On May 18, 2007, the university's board of trustees voted to award a contract to HNTB Architecture of Kansas City, Mo., for a $99.5 million project that extends from the outer edges of the arena north along Northwestern Avenue to Cherry Lane. A three-level structure is planned north of Mackey and currently is being referred to as the Student-Athlete Development Center. Its highlights include:
- A sports medicine facility approximately three and a half to four times larger than the current area in Mackey.
- A strength and weight training facility approximately four times larger than the existing Intercollegiate Athletic Facility weight room.
- An oversized basketball practice facility, including Danielle and Brian Cardinal Court and three breakout shooting areas.
- The Drew and Britney Brees Student Athlete Academic Center, towards which the couple donated $2 million in the fall of 2007.

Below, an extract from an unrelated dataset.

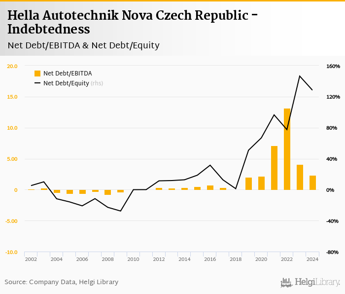 Hella Autotechnik Nova Czech Republic's net debt stood at CZK 3,665 mil and accounted for 128% of equity at the end of 2024. The ratio is down 18.2 pp compared to the previous year.

- New playing surface for Keady Court
- Reseating of the Paint Crew for the 2011–2012 season
- Proposed visitors tunnel be cut into the southeast lower bowl seating area
- Interactive fan elements and coaching technologies in concourse

The concourse width will be approximately doubled, concessions will increase four times (from 12 to 48 points of sale) and restrooms will increase three times for women and by 35% for men. In addition, the lower seating sections on the east side will be modified to allow for some premium seats, with club seats (fixed padded stadium chairs) and loge seats (office-style chairs on casters) provided. A limited number of premium courtside seats will be available in the west pit area. Accessible seating will increase approximately six times. Two club spaces will be created, one for general fans on the west side and a premium club to the east.